= Charles Mallen =

Carpenter and brewer (1819–1909)

Charles Edward Mallen (23 December 1819 – 26 October 1909) was a carpenter and brewer in the early days of the colony of South Australia.

==History==
Charles was born at Euston Square, London, and was apprenticed to the Edwards company, cabinetmakers to the Royal Family, where his father and brother were employed all their lives.

He and his family emigrated to South Australia aboard the steamer Champion in December 1854, and for a time was employed at his trade, producing ornamental work for the Wesleyan Church, Pirie street, and Faulding's chemist shop. He purchased some land in Angas Street and five acres at Clapham, where he built a home. He then worked for Mellor Brothers, agricultural machinists, and while with them was given a job to repair a malt crusher at W. H. Clark's brewery on Halifax Street.

Clark then moved to the West End Brewery, Hindley Street, which ultimately became the property of John Haimes, and Charles was kept busy making plant and connecting machinery for the new brewery.

Then W. K. Simms purchased the business and put Charles on the permanent staff. Next Edgar Chapman joined the business as Simms & Chapman and Charles was appointed brewer and manager.

In 1874 they sent him to New South Wales to select a location for a new brewery. He settled on the town of Waverley, near Sydney, and there on Edgecliffe Road built the "Adelaide Brewery", where he brewed the first beer in December 1874, and was very successful, and in 1875 enlarged the cellars.

Charles left the company after being refused a partnership in the firm, and returned to Adelaide, where he purchased land on West Terrace, and built a small brewery on the Gilbert Street corner, which he (cheekily?) named "Waverley Brewery", which started operation in December 1875, and was purchased by Simms in 1876, to become Waverley Vinegar Works.

He then purchased a property on Unley Road, Lower Mitcham, near the Brownhill Creek, and in 1878 in conjunction with Haimes built the "Waverley Brewery", operated by Haimes, Mallen & Co., which consisted of John Haimes, Charles Mallen, Charles's daughter Maria Mallen and Arthur Bean, who retired in 1879.

Charles Williams was appointed Manager around 1921 and occupied that position until 1933, when he retired due to ill health.

"Waverley Brewery" ceased operation in the 1930s, but the Mallen family continued as hotel operators well into the late 20th century.

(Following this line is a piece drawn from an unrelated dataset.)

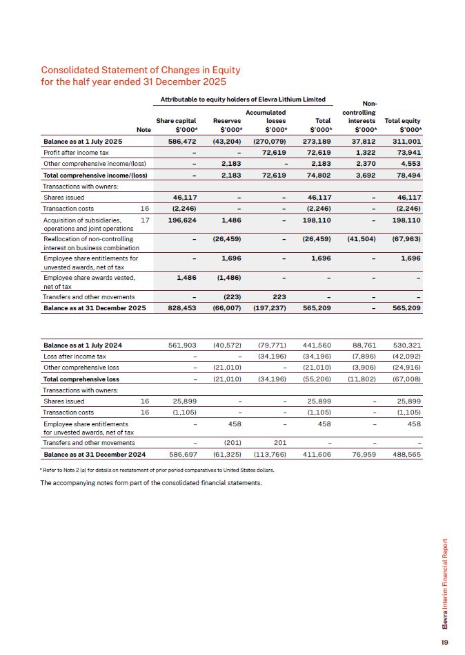 Consolidated Statement of Changes in Equity for the half year ended 31 December 2025  Balance as at 1 July 2025  586,472  (43,204)  (270,079)  273,189  37,812  311,001  Profit after income tax  –  –  72,619  72,619  1,322  73,941  Other comprehensive income/(loss)  –  2,183  –  2,183  2,370  4,553  Total comprehensive income/(loss)  –  2,183  72,619  74,802  3,692  78,494  Transactions with owners:  Shares issued  46,117  –  –  46,117  –  46,117  Transaction costs  16  (2,246)  –  –  (2,246)  –  (2,246)  Acquisition of subsidiaries, operations and joint operations  17  196,624  1,486  –  198,110  –  198,110  Reallocation of non-controlling interest on business combination  –  (26,459)  –  (26,459)  (41,504)  (67,963)  Employee share entitlements for unvested awards, net of tax  –  1,696  –  1,696  –  1,696  Employee share awards vested, net of tax  1,486  (1,486)  –  –  –  –  Transfers and other movements  –  (223)  223  –  –  –  Balance as at 31 December 2025  828,453  (66,007)  (197,237)  565,209  –  565,209  Balance as at 1 July 2024  561,903  (40,572)  (79,771)  441,560  88,761  530,321  Loss after income tax  –  –  (34,196)  (34,196)  (7,896)  (42,092)  Other comprehensive loss  –  (21,010)  –  (21,010)  (3,906)  (24,916)  Total comprehensive loss  –  (21,010)  (34,196)  (55,206)  (11,802)  (67,008)  Transactions with owners:  Shares issued  16  25,899  –  –  25,899  –  25,899  Transaction costs  16  (1,105)  –  –  (1,105)  –  (1,105)  Employee share entitlements for unvested awards, net of tax  –  458  –  458  –  458  Transfers and other movements  –  (201)  201  –  –  –  Balance as at 31 December 2024  586,697  (61,325)  (113,766)  411,606  76,959  488,565  Note  Attributable to equity holders of Elevra Lithium Limited  Non-  controlling  interests  $’000*  Total equity  $’000*  Share capital  $’000*  Reserves  $’000*  Accumulated  losses  $’000*  Total  $’000*  * Refer to Note 2 (a) for details on restatement of prior period comparatives to United States dollars.  The accompanying notes form part of the consolidated financial statements.  Elevra Interim Financial Report  19

Mallen & Co. Ltd. owned 13 hotels in and around Adelaide:

- Alma Hotel at Norwood
- Britannia Hotel at Port Adelaide
- Carrington Hotel in Carrington Street, Adelaide
- Colac Hotel at Port Adelaide
- Emu Hotel at Morphett Vale
- Edinburgh Hotel at Mitcham
- Gilles Arms Hotel in Gilles Street, Adelaide
- Hilton Hotel at Hilton
- Holdfast Hotel at Glenelg
- Maylands Hotel at Maylands
- Northern Hotel at Enfield
- Waverley Hotel at Unley
- West Thebarton Hotel at Thebarton

The Springfield Brewery was established on the site on the corner of Princes Street and Bull's Creek Road, Mitcham around 1938, greatly expanded in 1941. By 1954 the company was in liquidation.

The "Adelaide Brewery" at Edgecliffe Road, Waverley, New South Wales, did not survive long. By 1880 they had stopped advertising, and in 1901 the property was subdivided.

==Other activities==
As a youth, Charles participated in various sports, and later was involved in racing horses and greyhounds, winning four Waterloo Cups, though he never placed a wager on the outcome of any race.

Horses he bred include Lancelot and Modjeska, who won some races.

==Family==
Charles married Maria Matilda Sandwell (25 April 1817 – 10 November 1900) in London on 29 June 1840. They had 9 children.